Cloudify is a complex piece of software which handles most of the application’s orchestration tasks. Because of it’s versatility, there are many different use cases and points of failure that can be discovered during user adoption.
Recently, we started the process of building a service solution in order to deal with many of our struggles and make the development process easier and more robust. In this post, I will detail why any organization should consider building a similar internal service, and how we approached building ours.
Why Build an Internal Service
Shorter Development Cycles
Our main reason for creating this service was to improve our own development process. One way we approached this was to make the Cloudify team the first users of the service (our sales engineers, support, and devs). This way new bugs, edge cases, and irrational behaviors are discovered at a much earlier stage and return directly to the production process before the release is closed.
You Are Your First Customer
Each software has it’s own usability issues. When our own developers and internal teams start to use Cloudify as actual users, many UI/UX issues are already flagged and take into consideration way before it reaches paying customers.
Monitor and Test our Software in Production
When your software is running in a “real-life” production environment, your tests are far more accurate and able to simulate more customer cases. Additionally, you can now perform real monitoring in order to gain insights on what is happening to your software, which will help you answer customer concerns and fit your product to their cases.
Log Analysis for Common Problems and Better Debugging
Stable software which runs well and can be used consistently for long periods of time, allows you to deep dive into software analysis and gain a better understanding of your system’s behavior.

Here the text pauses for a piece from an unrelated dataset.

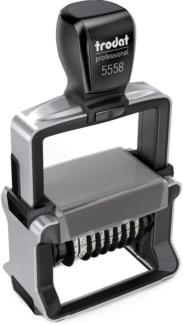 Trodat Professional 4.0 - het optimale teamlid voor de professionals op kantoor, in de produktie of logistiek. 5558 Trodat Professional 4.0 - cijferbandstempel. Schrifthoogte cijfers: 5 mm. Symbolen bijv.: ?, $, #, Kg, /, X. Uit metaal. Met ingebouwd inktkussen. Certificaat: Austrian Ecolabel Gerecycleerd materiaal: 7,46 %

Check out our free, on-demand webinars on all things cloud. Go
How We Built Our Internal Service
Users of our internal “Cloudify Service” are based on two main groups:
- R&D – Cloudify developers and QA team. We use Cloudify Service as a test-case for production environments. In that format, we have shortened the development cycle (each feature is used immediately in a “real time” environment) and improved it.

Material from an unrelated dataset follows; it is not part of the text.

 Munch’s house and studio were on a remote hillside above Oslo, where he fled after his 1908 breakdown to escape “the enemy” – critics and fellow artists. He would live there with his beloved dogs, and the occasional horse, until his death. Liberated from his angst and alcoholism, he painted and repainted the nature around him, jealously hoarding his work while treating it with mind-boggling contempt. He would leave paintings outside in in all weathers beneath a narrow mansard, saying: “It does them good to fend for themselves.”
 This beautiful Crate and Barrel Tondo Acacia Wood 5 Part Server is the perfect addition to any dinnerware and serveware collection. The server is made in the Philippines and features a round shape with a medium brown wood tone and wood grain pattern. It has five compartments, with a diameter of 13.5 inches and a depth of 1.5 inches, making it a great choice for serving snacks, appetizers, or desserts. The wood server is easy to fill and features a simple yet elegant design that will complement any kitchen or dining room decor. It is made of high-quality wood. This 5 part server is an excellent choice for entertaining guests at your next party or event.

- Demos and POCs – Our second goal was to create a tool which would allow us to show the desired (most of the time the latest) version of Cloudify – with the brand new features and capabilities. This led to the creation of a single, stable environment for all of our POCs and Demos (instead of creating one for each case and each relevant team member) and enables users to share examples, use cases, and best practices.
While working on making this a stable service, we stumbled upon several problems, the worst of them being that to be able to access a manager, you need agents to have a direct line of communication with it. Usually for our customers this is a no brainer, as they run Cloudify in a closed environment where network access is restricted to their needs. Since we’re running Cloudify Service publically, we couldn’t afford that and had to come up with a solution to the problem.
We decided to trust what many other services are doing and use the internet as a gateway between the user’s application environment and the service.
We created an agent called “controller,” which is our way of decoupling the environment from the service. It performs all IaaS API calls for the relevant environment, and all ssh (and later, winrm) connections are performed using the fabric plugin.
Cloudify Service Explained
After a lot of thought and effort, below is the solution we came up with, as well as an explanation of the various components.
- Service components – As deployed today in AWS.
- Monitoring & logging
When dealing with complex software systems, one of the first things you want to do in order to understand things better is monitor your system and make it easier to handle the logs. Exposing Cloudify as a usable service allows us to start this process correctly, monitor our product in a “real” environment, analyze it, and better understand its performance and points of failure.
- Automating the process
Of course, when talking about a service, we need to keep in mind that when the usage increases, the system can fail and things can break. Hence, a quick recovery process is needed with as few manual tasks as possible. We created an agent to handle this process. Basically it’s a machine which “lives” in the same environment as our service and contains all the scripts and tasks to recoverhealupdatescale it. We call it the “supervisor.” Funnily enough, most of the process for creating Cloudify Service is actually done by Cloudify.
The purpose of this post was to describe an internal process which the Cloudify R&D Team created. The goal is to share an approach for solving some of the problems we came across and encourage those facing similar problems to think about trying do the same. As with all things in life, you will have your fair share of struggles on the way – we sure did (mainly security issues and conflicts with our original product code). But once you overcome them, things get much easier.